> _Problem statement_: The following data needs to be repeated exactly, with all images excluded.

> _Records from a collection_:
▬▬▬▬▬▬▬▬▬▬

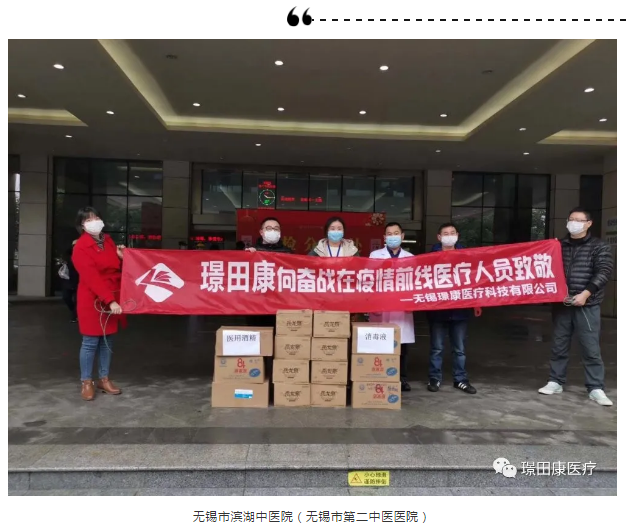 疫情當(dāng)前,無錫璟田康醫(yī)療科技有限公司,在做好企業(yè)防控防疫的本職工作的同時,盡自己的所能向奮戰(zhàn)在戰(zhàn)役一線的醫(yī)護(hù)人員致敬。并于3月9日上午為無錫市濱湖中醫(yī)院(無錫市第二中醫(yī)醫(yī)院)送去了礦泉水、84消毒液、醫(yī)用酒精等防疫物資,用實際行動來共同抗擊疫情,陳陽副院長和周科長熱情的接待公司一行
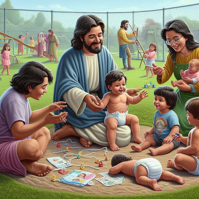 El pequeño Pedro era mi sobrino nieto, recién nacido. Costaba poco imaginarle en el parque con cualquier otro niño apenas hbiera crecido un poco. Y como el Niño Jesús, tendría sus compañeros de juego, sus padres vigilantes o a pacientes familiares departiendo con otros padres mientras cuidaban a sus pequeños.
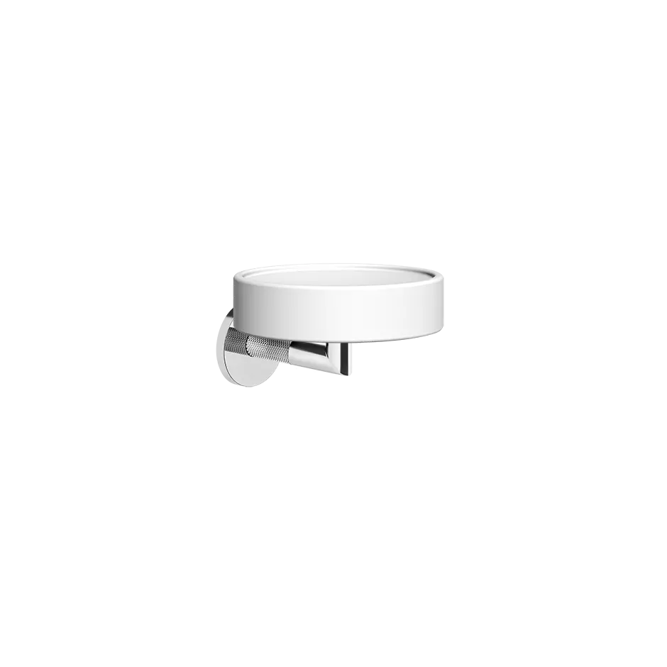 Biały uchwyt na mydło naścienny. Kolekcja Anello ma liczne warianty dostaw wody, a każdy akcesorium łazienkowe jest odpowiednio skoordynowany. Anello prezentuje nietypowe wykończenia i wzory, które wzmacniają design, uważany także za alternatywę dla metalowych powierzchni, które jesteśmy przyzwyczajeni widzieć w dziedzinie designu. Wyrafinowana i konkretne, nowa kolekcja Anello marki Gessi interpretuje współczesną, intensywną kobietę świadomą swojego uroku, która podbija scenę dzięki miękkości swoich form.
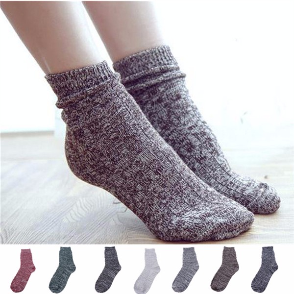 Women Retro Socks Winter Warm Foot Cotton Cord Knitted Mid-Calf Sock
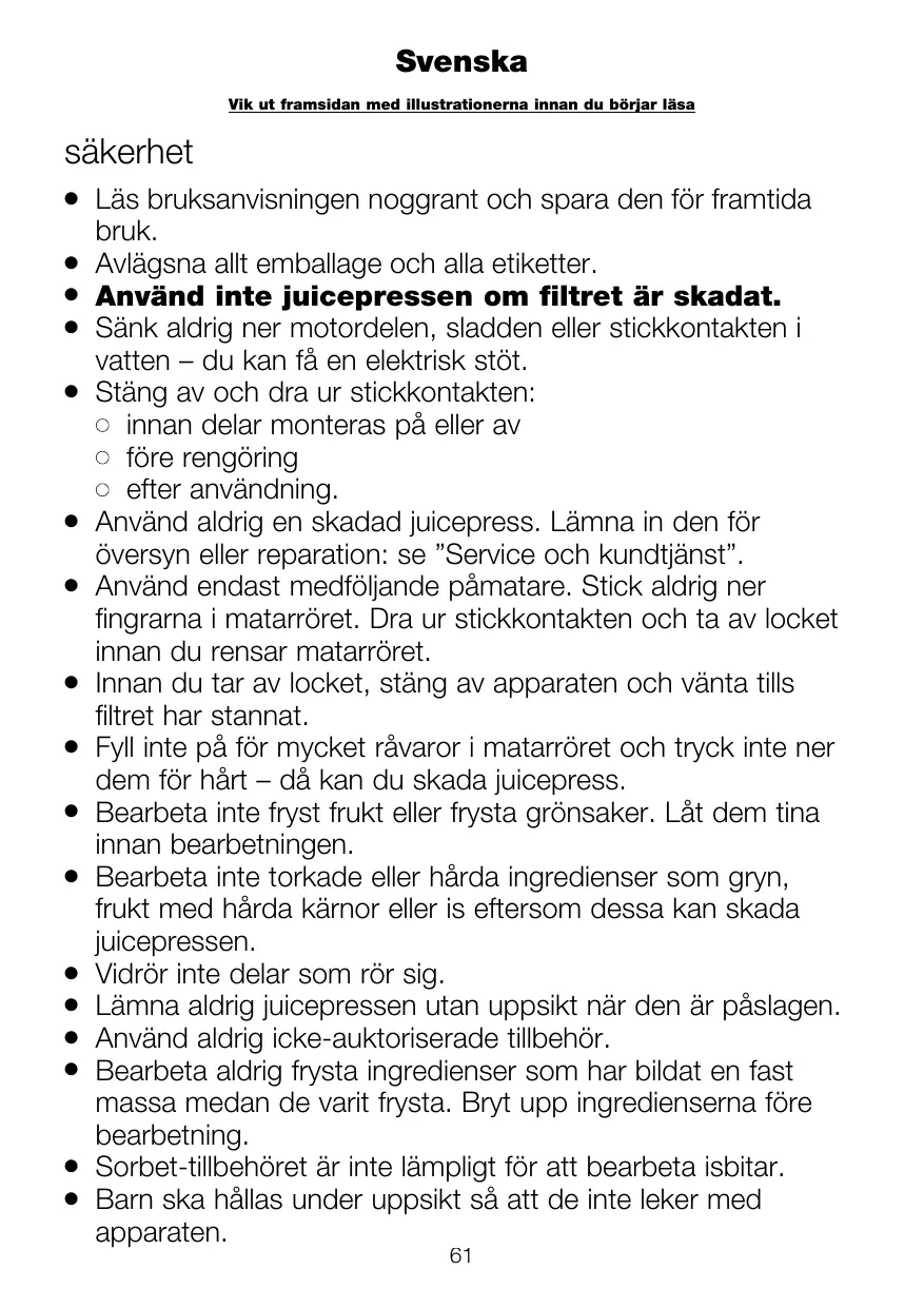 Läs bruksanvisningen noggrant och spara den för framtida bruk. Avlägsna allt emballage och alla etiketter. Använd inte juicepressen om filtret är skadat. Sänk aldrig ner motordelen, sladden eller stickkontakten i vatten – du kan få en elektrisk stöt. Stäng av och dra ur stickkontakten: innan delar monteras på eller av före rengöring efter användning. Använd aldrig en skadad juicepress. Lämna in den för översyn eller reparation: se ”Service och kundtjänst”. Använd endast medföljande påmatare. Stick aldrig ner fingrarna i matarröret. Dra ur stickkontakten och ta av locket innan du rensar matarröret. Innan du tar av locket, stäng av apparaten och vänta tills filtret har stannat. Fyll inte på för mycket råvaror i matarröret och tryck inte ner dem för hårt – då kan du skada juicepress. Bearbeta inte fryst frukt eller frysta grönsaker. Låt dem tina innan bearbetningen. Bearbeta inte torkade eller hårda ingredienser som gryn, frukt med hårda kärnor eller is eftersom dessa kan skada juicepressen. Vidrör inte delar som rör sig. Lämna aldrig juicepressen utan uppsikt när den är påslagen. Använd aldrig icke-auktoriserade tillbehör. Bearbeta aldrig frysta ingredienser som har bildat en fast massa medan de varit frysta. Bryt upp ingredienserna före bearbetning. Sorbet-tillbehöret är inte lämpligt för att bearbeta isbitar. Barn ska hållas under uppsikt så att de inte leker med apparaten. 61
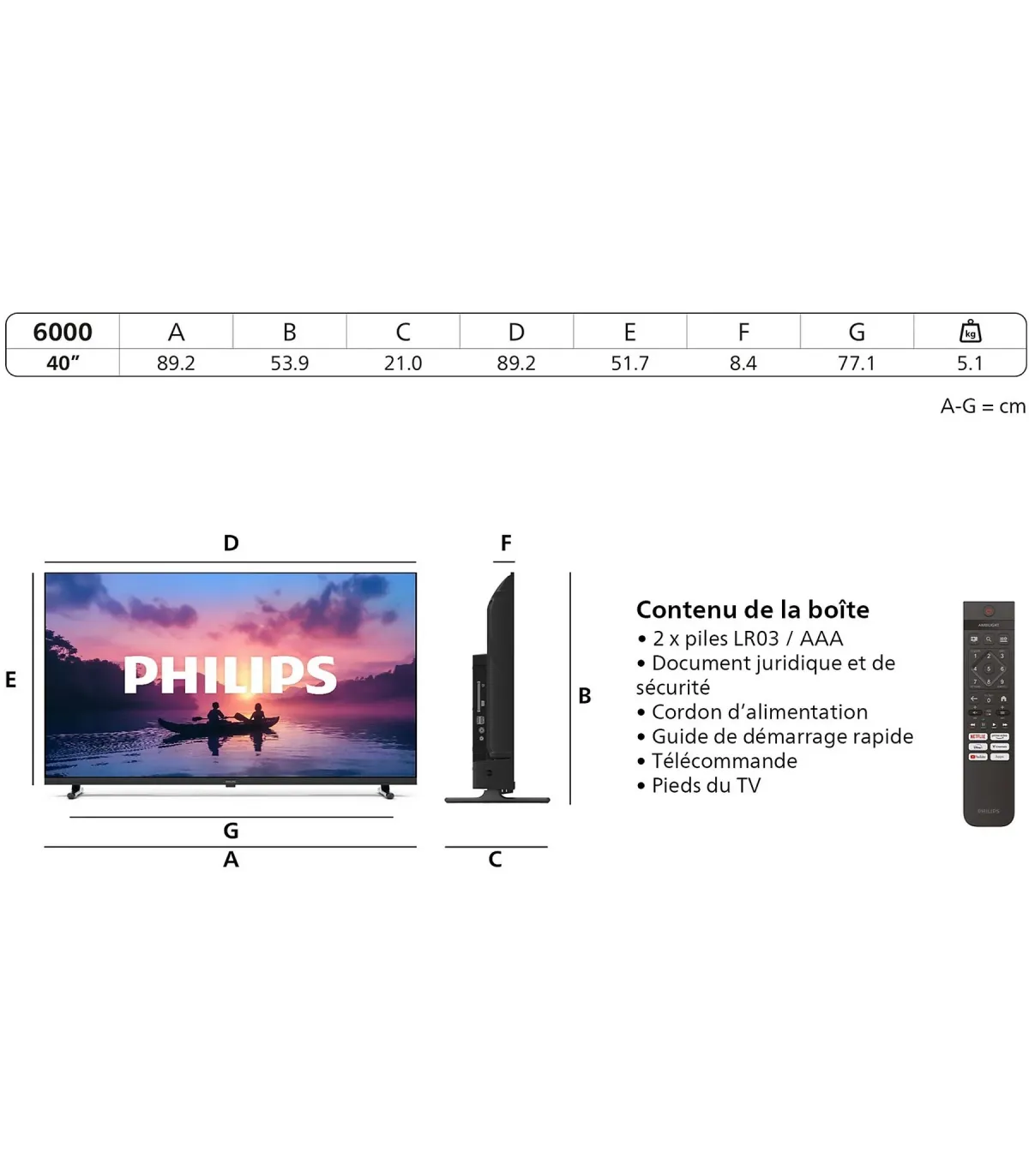 Découvrez le Philips 40PFS6000/12, un téléviseur 40" (102 cm) au design fin et élégant qui s’intègre parfaitement à votre salon. Profitez d’une image Full HD (1920 x 1080) lumineuse et détaillée, portée par un processeur d’image Philips optimisant contraste, netteté et mouvements pour vos films et séries. Le son clair et équilibré accompagne vos séances home cinéma, avec des haut-parleurs conçus pour une restitution audio précise. Accédez à vos contenus favoris grâce au système Titan OS simple et intuitif. La connectique complète inclut HDMI, USB, entrée antenne, sortie audio et Ethernet, pour brancher console, lecteur et barre de son en toute simplicité. La connectivité Wi‑Fi facilite le streaming, tandis que le Bluetooth permet d’appairer casque ou enceinte sans fil. Avec son format polyvalent, sa dalle LED et ses ports HDMI/USB pratiques, c'est le choix idéal pour une expérience TV fluide, moderne et performante.
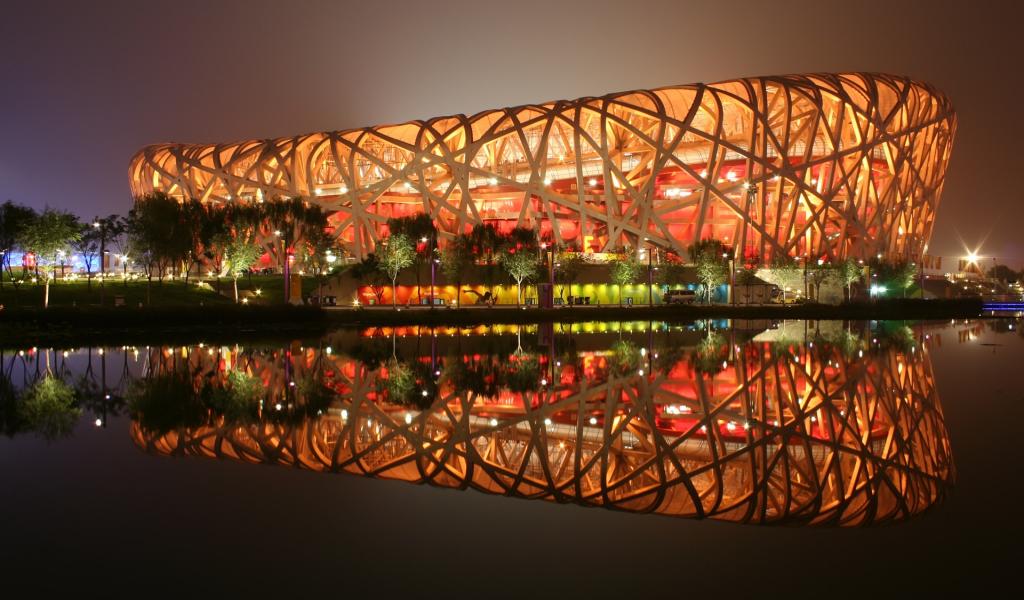 Wallpaper Beijing National Stadium is reflected in the water, PRC
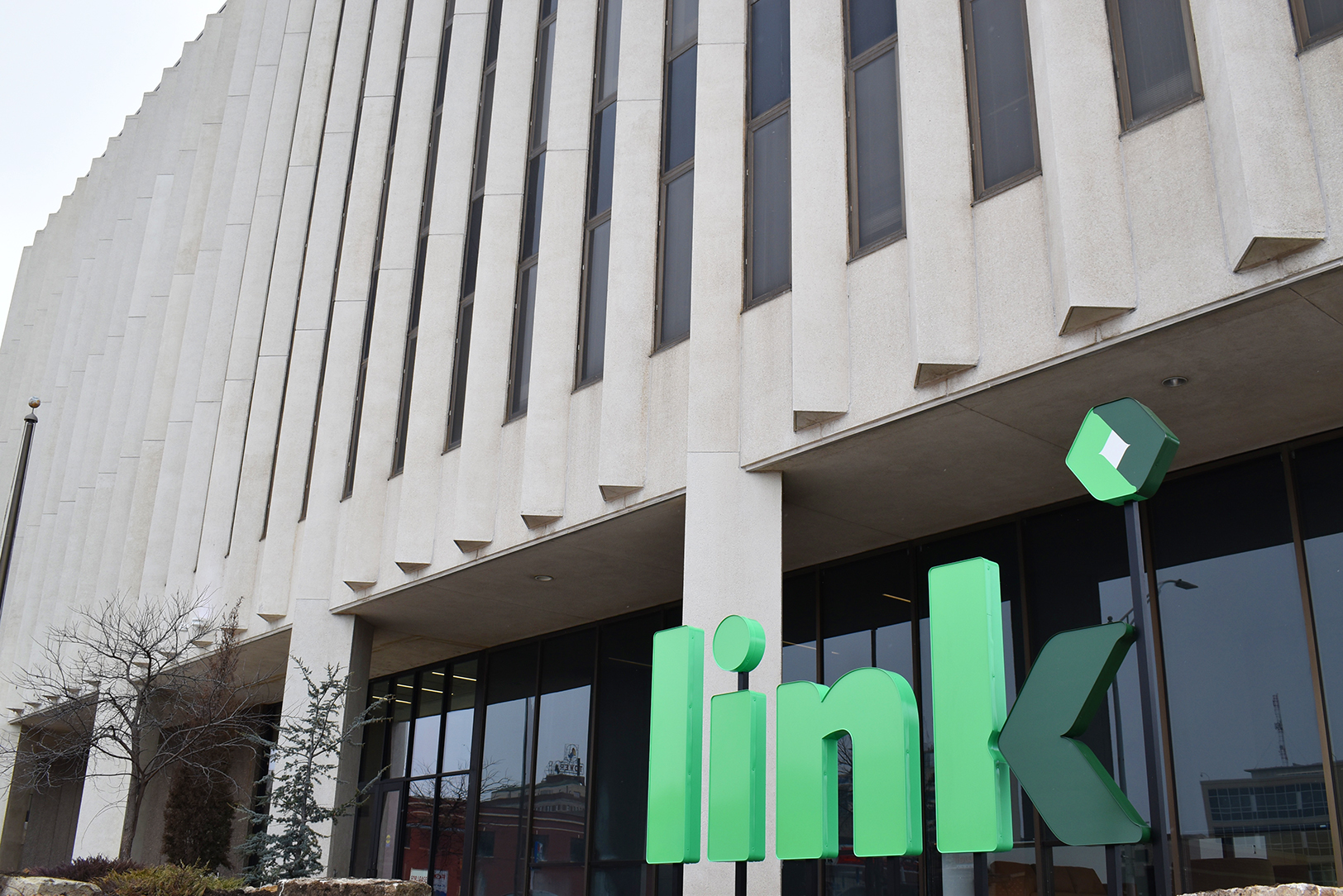 Freshly installed signage heralds the official arrival of Link Innovation Labs in downtown Topeka; photo by Tommy Felts, Startland News

▬▬▬▬▬▬▬▬▬▬

> _Written solution_:
 疫情當(dāng)前,無錫璟田康醫(yī)療科技有限公司,在做好企業(yè)防控防疫的本職工作的同時,盡自己的所能向奮戰(zhàn)在戰(zhàn)役一線的醫(yī)護(hù)人員致敬。并于3月9日上午為無錫市濱湖中醫(yī)院(無錫市第二中醫(yī)醫(yī)院)送去了礦泉水、84消毒液、醫(yī)用酒精等防疫物資,用實際行動來共同抗擊疫情,陳陽副院長和周科長熱情的接待公司一行
 El pequeño Pedro era mi sobrino nieto, recién nacido. Costaba poco imaginarle en el parque con cualquier otro niño apenas hbiera crecido un poco. Y como el Niño Jesús, tendría sus compañeros de juego, sus padres vigilantes o a pacientes familiares departiendo con otros padres mientras cuidaban a sus pequeños.
 Biały uchwyt na mydło naścienny. Kolekcja Anello ma liczne warianty dostaw wody, a każdy akcesorium łazienkowe jest odpowiednio skoordynowany. Anello prezentuje nietypowe wykończenia i wzory, które wzmacniają design, uważany także za alternatywę dla metalowych powierzchni, które jesteśmy przyzwyczajeni widzieć w dziedzinie designu. Wyrafinowana i konkretne, nowa kolekcja Anello marki Gessi interpretuje współczesną, intensywną kobietę świadomą swojego uroku, która podbija scenę dzięki miękkości swoich form.
 Women Retro Socks Winter Warm Foot Cotton Cord Knitted Mid-Calf Sock
 Läs bruksanvisningen noggrant och spara den för framtida bruk. Avlägsna allt emballage och alla etiketter. Använd inte juicepressen om filtret är skadat. Sänk aldrig ner motordelen, sladden eller stickkontakten i vatten – du kan få en elektrisk stöt. Stäng av och dra ur stickkontakten: innan delar monteras på eller av före rengöring efter användning. Använd aldrig en skadad juicepress. Lämna in den för översyn eller reparation: se ”Service och kundtjänst”. Använd endast medföljande påmatare. Stick aldrig ner fingrarna i matarröret. Dra ur stickkontakten och ta av locket innan du rensar matarröret. Innan du tar av locket, stäng av apparaten och vänta tills filtret har stannat. Fyll inte på för mycket råvaror i matarröret och tryck inte ner dem för hårt – då kan du skada juicepress. Bearbeta inte fryst frukt eller frysta grönsaker. Låt dem tina innan bearbetningen. Bearbeta inte torkade eller hårda ingredienser som gryn, frukt med hårda kärnor eller is eftersom dessa kan skada juicepressen. Vidrör inte delar som rör sig. Lämna aldrig juicepressen utan uppsikt när den är påslagen. Använd aldrig icke-auktoriserade tillbehör. Bearbeta aldrig frysta ingredienser som har bildat en fast massa medan de varit frysta. Bryt upp ingredienserna före bearbetning. Sorbet-tillbehöret är inte lämpligt för att bearbeta isbitar. Barn ska hållas under uppsikt så att de inte leker med apparaten. 61
 Découvrez le Philips 40PFS6000/12, un téléviseur 40" (102 cm) au design fin et élégant qui s’intègre parfaitement à votre salon. Profitez d’une image Full HD (1920 x 1080) lumineuse et détaillée, portée par un processeur d’image Philips optimisant contraste, netteté et mouvements pour vos films et séries. Le son clair et équilibré accompagne vos séances home cinéma, avec des haut-parleurs conçus pour une restitution audio précise. Accédez à vos contenus favoris grâce au système Titan OS simple et intuitif. La connectique complète inclut HDMI, USB, entrée antenne, sortie audio et Ethernet, pour brancher console, lecteur et barre de son en toute simplicité. La connectivité Wi‑Fi facilite le streaming, tandis que le Bluetooth permet d’appairer casque ou enceinte sans fil. Avec son format polyvalent, sa dalle LED et ses ports HDMI/USB pratiques, c'est le choix idéal pour une expérience TV fluide, moderne et performante.
 Wallpaper Beijing National Stadium is reflected in the water, PRC
 Freshly installed signage heralds the official arrival of Link Innovation Labs in downtown Topeka; photo by Tommy Felts, Startland News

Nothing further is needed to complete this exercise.